Her portrait, by Raeburn, which now
adorns the National Gallery, had been painted in the
previous year. You will have seen it, or at least
you will have seen one of its numerous replicas, and
you will have remarked its singular, delicate, rose-petal
loveliness the gleaming golden head, the
flawless outline of face and feature, the immaculate
skin, the dark blue eyes with their look of innocence
awakening.
Thus was she now in her artfully simple
gown of flowered muslin with its white fichu folded
across her neck that was but a shade less white; thus
was she, just as Raeburn had painted her, saving, of
course, that her expression, matching her words, was
petulant.
“I was detained by the arrival
of a mail-bag from Vizeu,” Sir Terence excused
himself, as he took the chair which Mullins, the elderly,
pontifical butler, drew out for him. “Ned
is attending to it, and will be kept for a few moments
yet.”
Lady O’Moy’s expression
quickened. “Are there no letters for me?”
“None, my dear, I believe.”
“No word from Dick?” Again
there was that note of ever ready petulance.
“It is too provoking. He should know that
he must make me anxious by his silence. Dick
is so thoughtless so careless of other people’s
feelings.

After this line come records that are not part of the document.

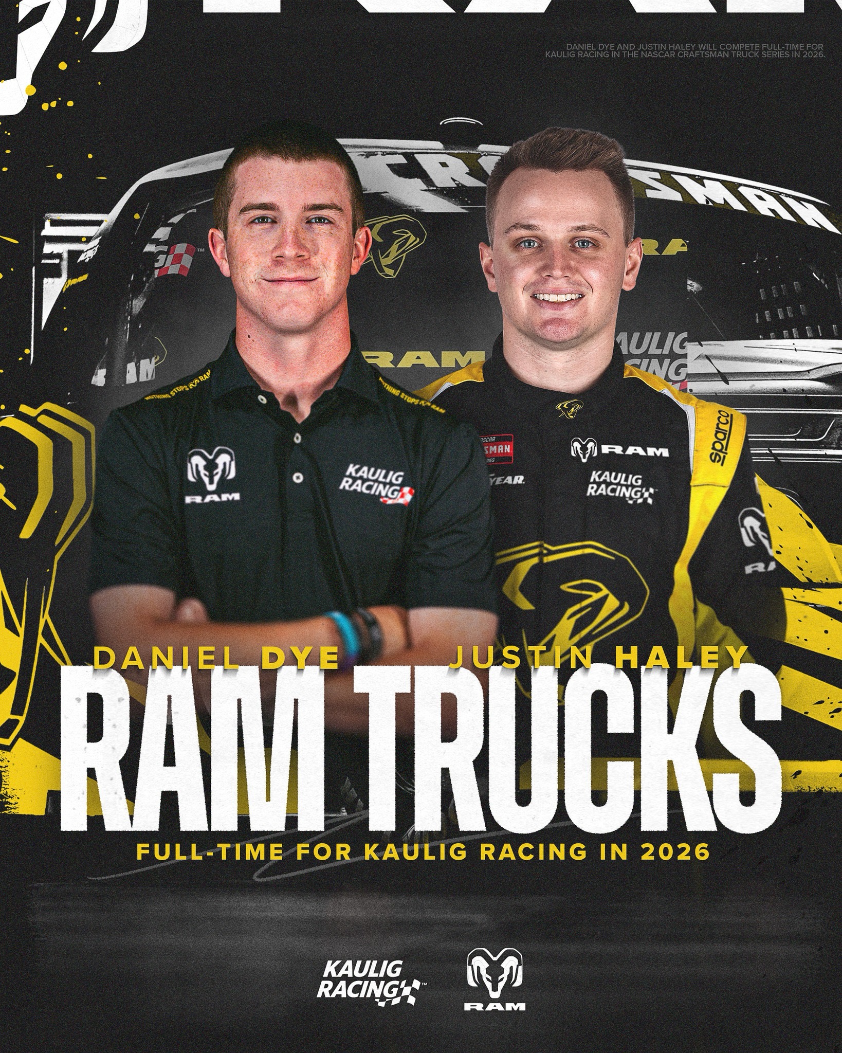 Dye, who has spent 2025 driving for Kaulig in the Xfinity Series, will remain with the team as part of the Truck effort. For him, joining the Ram 1500 program feels like coming home.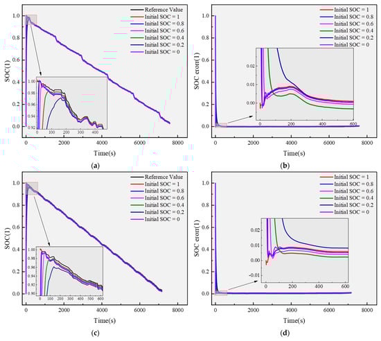 SOC Estimation Under Different Initial Conditions at 25 °C: (a) SOC Estimation Curves Under FUDS Conditions; (b) SOC error Estimation Under FUDS Conditions; (c) SOC Estimation Curves Under US06 Conditions; (d) SOC error Estimation Curves Under US06 Conditions.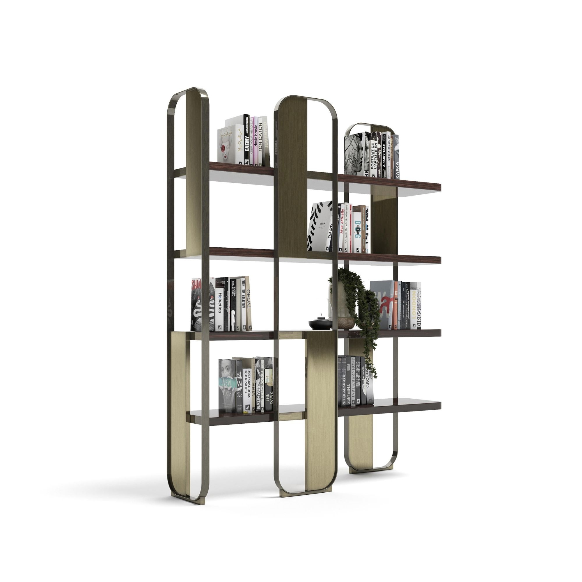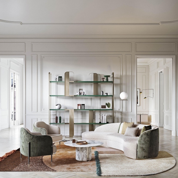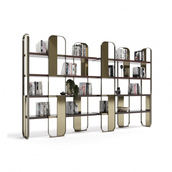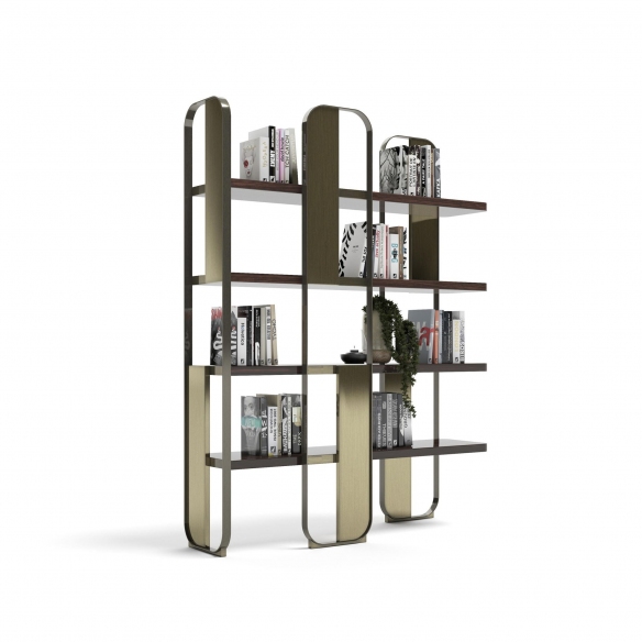 The Giselle modular bookcase, with dimensions of 152x43x197h cm, is a contemporary design gem crafted by Capital, featuring a metal structure, metallic finish panels, and wood essence shelves. This magnificent bookshelf showcases a modular system that combines lightness, aesthetics, and craftsmanship, and thanks to its combinational availability, the bookcase is customizable and perfectly matches any space and decor style. Whether it is placed in a professional studio, within a minimalist design living room, or in a chic home library, Giselle is capable of capturing the attention of guests, adding a touch of luxury to any environment. Additionally, the bookcase offers significant capacity without being cumbersome, aiming to host a large number of books, decorative items, collections, lamps, and much more, allowing for personalization according to individual tastes and display needs. This fantastic modular bookcase, Giselle, is a true union of functionality, art, and innovation. Designed by Boatto Martino Studio.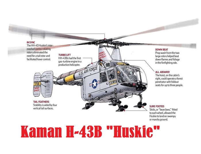 13 декабря 1958 года совершил свой первый полёт поисково-спасательный Kaman H-43B "Huskie" от компании "Kaman Aircraft Corporation". Данная модификация стала основной для вертолётов (синхроптеров) семейства "Huskie" - всего было построено 193 машины. Грузовая кабина была рассчитана на перевозку 8 пассажиров, а силовая установка включала ТВаД Avco Lycoming T53-L-1B мощностью 825 л.с. Также устанавливалась спасательная лебедка грузоподъёмностью 270 кг справа над сдвижной дверью или же противопожарное оборудование (Противопожарное оборудование включало резервуар емкостью 314 л, который транспортировался на внешней подвеске. При контакте с воздухом смесь расширялась, 314 л реагента превращались в пену объемом 2612 л. Масса груза на внешней подвеске ограничивалась 454 кг).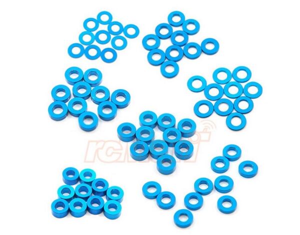 YA-0390LB Yeah Racing Aluminum M3 Flat Washer 0.25 / 0.5 / 1 / 1.5 / 2 / 2.5 / 3mm 10pcs Set Blue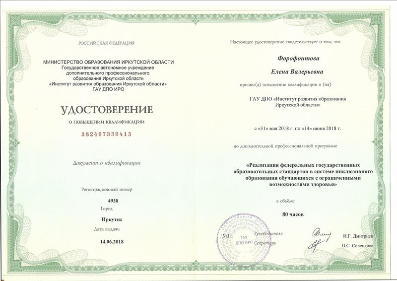 | ГАУ «Институт развития образования Иркутской области | Реализация федеральных государственных образовательных стандартов в системе инклюзивного образования обучающихся с ограниченными возможностями здоровья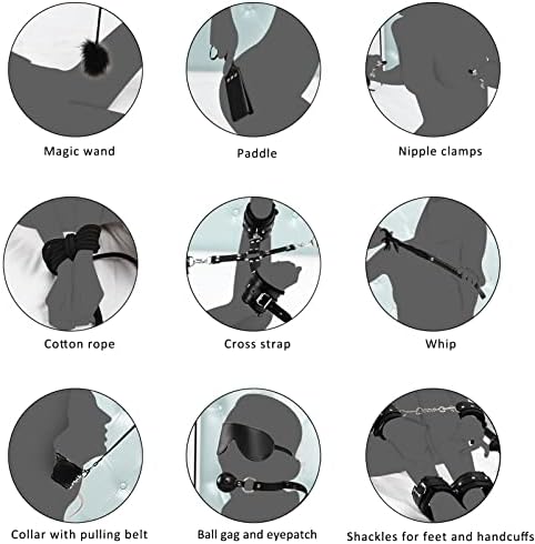 Information This is a 11-in-1 suit of sex toys with the scientific design for couples' SM games playing. We adopt the superior and environment-friendly PU leather to make this suit of toy, which is quite soft and comfortable to wear and suitable for beginners. This product is of great quality and durable in use. Moreover, it won’t lose its color due to sweat or water. Complete sex toys to add funs to your sex life, you deserve to have them! Feature Material: PU leather & nylon & stainless steel Gender: unisex Suit: handcuffs, shackles, whip, cotton rope, mouth plug, nipple clamps, plumage, collar, cross strap, blinder, paddle Weight: 24.7oz/700g Color: black Package list: 11 pcs of sex toys Notice * The actual color may vary slightly from the online image due to monitor color settings. * Please allow slight measurement deviation for the data. Package Including 11 pcs of sex toys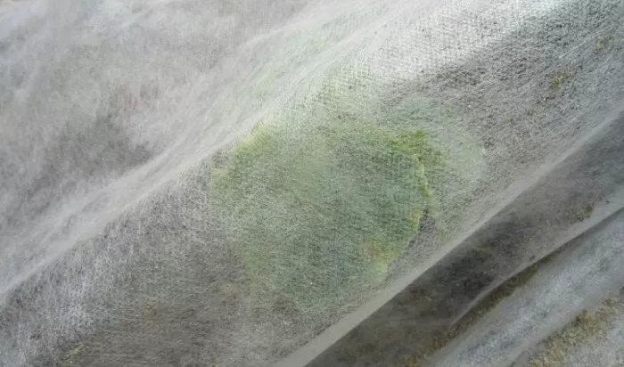 - Можна класти будь-якою стороною. Коли агроволокно нове воно як «накрохмалене», тому перші 1-2 дні вода може стікати з нього, але як тільки воно продується вітром і промокне - агроволокно стане легко пропускати воду.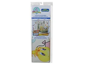 Transform your baby's room with these vibrant, removable Jumbo Wall Decals featuring beloved Baby Looney Tunes characters. This set makes decorating easy and enjoyable—no adhesives required! Simply peel the pre-cut appliques and apply them to smooth, clean surfaces.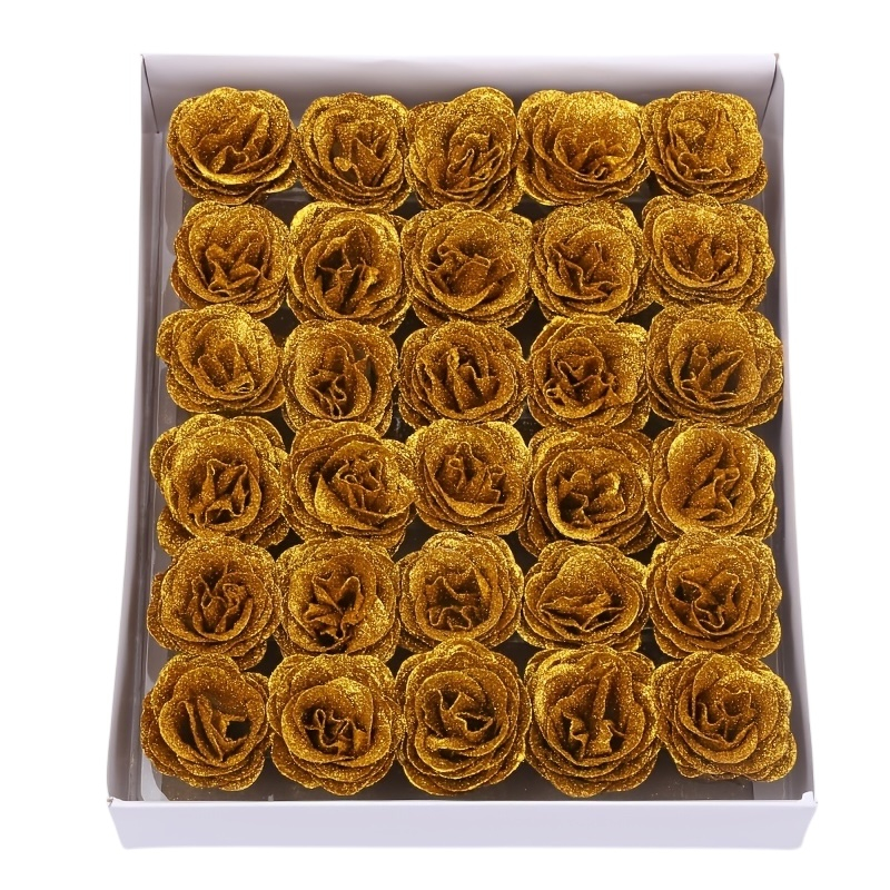 Set 30 trandafiri decorativi gold supreme cu sclipici - pe sarma, pentru aranjamente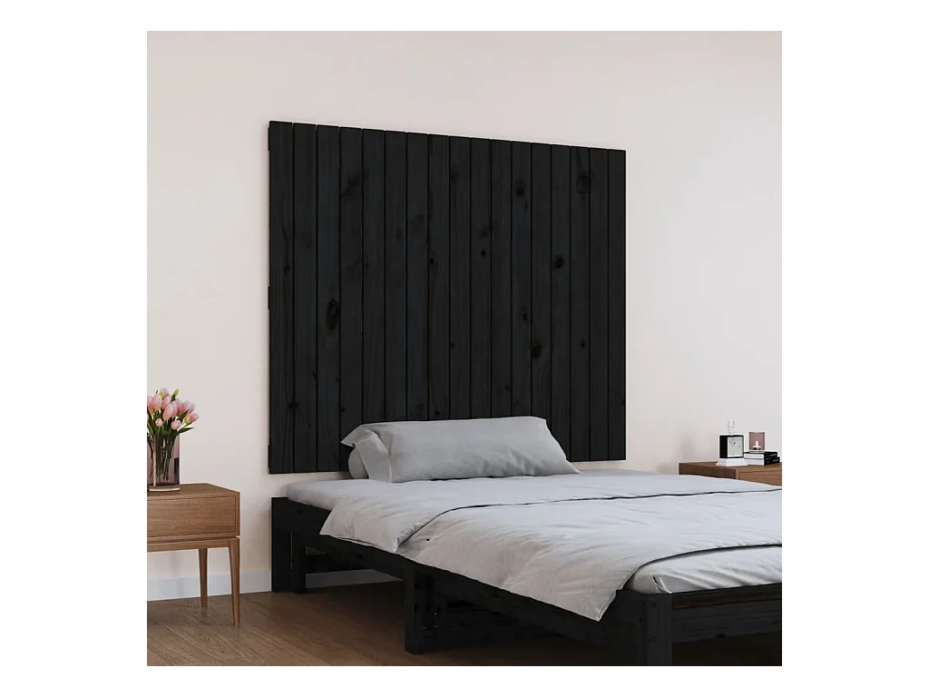Tête de lit murale | Panneau de tête pour lit Moderne Noir 108x3x90 cm Bois massif de pin
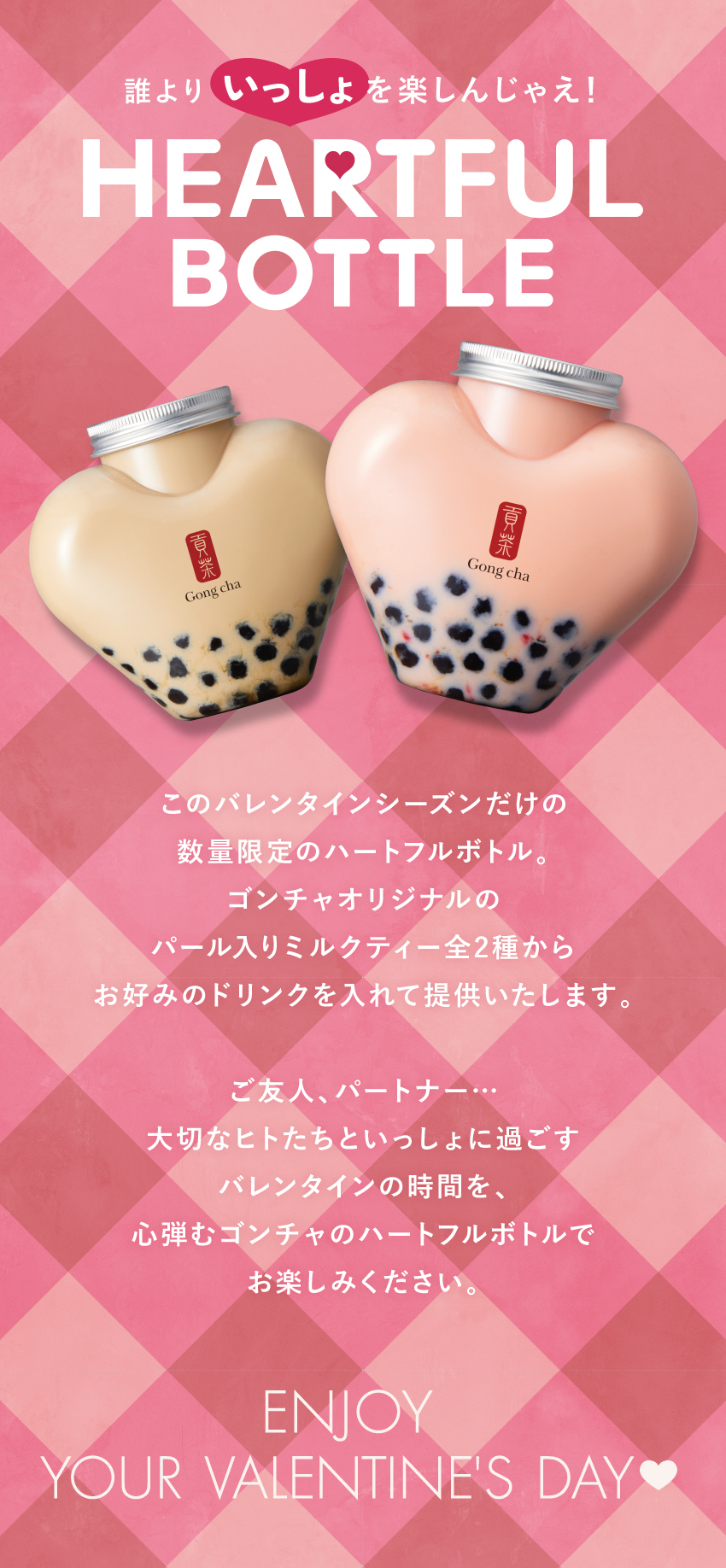 このバレンタインシーズンだけの数量限定のハートフルボトル。ゴンチャオリジナルのパール入りミルクティー全2種からお好みのドリンクを入れて提供いたします。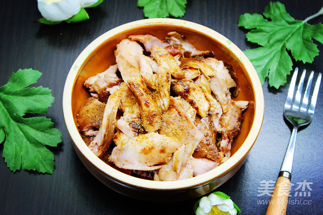 手撕好兔肉,把烤盤上汁倒入拌均即可。

I shall write to him severely.”
The adjutant paused in the act of
unfolding his napkin. The prepared explanation
trembled on his lips; but its falsehood, repellent
to him, was not uttered.
“I should certainly do so, my
dear,” was all he said, and addressed himself
to his breakfast.
“What news from headquarters?”
Miss Armytage asked him. “Are things going
well?”
“Much better now that Principal
Souza’s influence is at an end. Cotton
reports that the destruction of the mills in the Mondego
valley is being carried out systematically.”
Miss Armytage’s dark, thoughtful eyes became
wistful.
“Do you know, Terence,”
she said, “that I am not without some sympathy
for the Portuguese resistance to Lord Wellington’s
decrees. They must bear so terribly hard upon
the people. To be compelled with their own hands
to destroy their homes and lay waste the lands upon
which they have laboured what could be
more cruel?”
“War can never be anything but
cruel,” he answered gravely. “God
help the people over whose lands it sweeps. Devastation
is often the least of the horrors marching in its
train.”
“Why must war be?” she
asked him, in intelligent rebellion against that most
monstrous and infamous of all human madnesses.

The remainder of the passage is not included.